- Opening Delimiter -
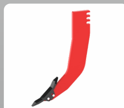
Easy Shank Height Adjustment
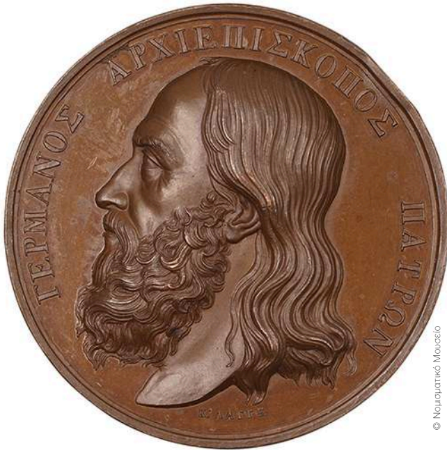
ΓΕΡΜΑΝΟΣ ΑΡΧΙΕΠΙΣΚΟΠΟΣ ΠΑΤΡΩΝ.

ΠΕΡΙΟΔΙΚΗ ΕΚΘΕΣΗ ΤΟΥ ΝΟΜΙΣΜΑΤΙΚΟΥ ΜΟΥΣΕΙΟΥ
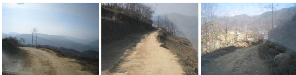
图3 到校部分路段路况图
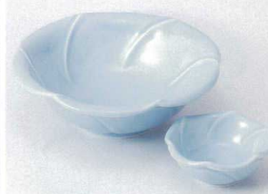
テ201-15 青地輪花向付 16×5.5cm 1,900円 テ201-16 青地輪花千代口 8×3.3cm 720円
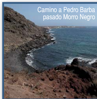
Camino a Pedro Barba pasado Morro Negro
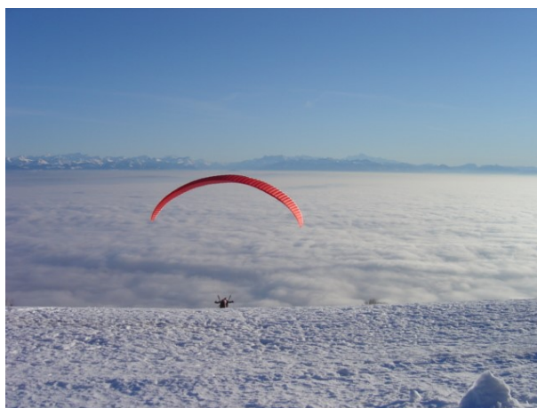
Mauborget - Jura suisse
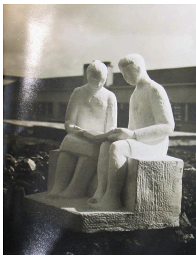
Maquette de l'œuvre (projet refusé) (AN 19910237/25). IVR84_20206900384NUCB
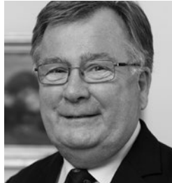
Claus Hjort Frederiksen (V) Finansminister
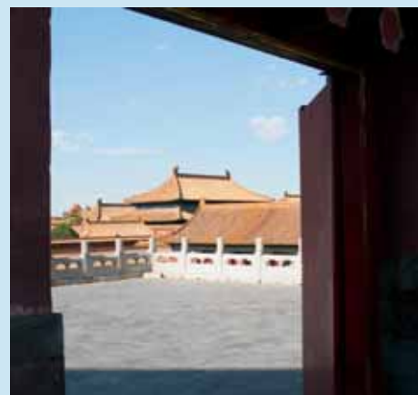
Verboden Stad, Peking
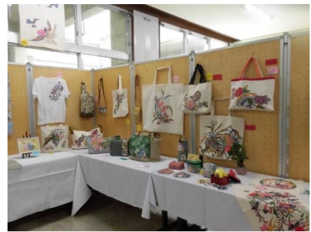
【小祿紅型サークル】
- Closing Delimiter -
- ASSIGNED TASK -
Transcribe the records above exactly, omitting every picture they contain.

- SOLUTION FOR THIS PROBLEM -
Easy Shank Height Adjustment
ΓΕΡΜΑΝΟΣ ΑΡΧΙΕΠΙΣΚΟΠΟΣ ΠΑΤΡΩΝ.

ΠΕΡΙΟΔΙΚΗ ΕΚΘΕΣΗ ΤΟΥ ΝΟΜΙΣΜΑΤΙΚΟΥ ΜΟΥΣΕΙΟΥ
图3 到校部分路段路况图
テ201-15 青地輪花向付 16×5.5cm 1,900円 テ201-16 青地輪花千代口 8×3.3cm 720円
Camino a Pedro Barba pasado Morro Negro
Mauborget - Jura suisse
Maquette de l'œuvre (projet refusé) (AN 19910237/25). IVR84_20206900384NUCB
Claus Hjort Frederiksen (V) Finansminister
Verboden Stad, Peking
【小祿紅型サークル】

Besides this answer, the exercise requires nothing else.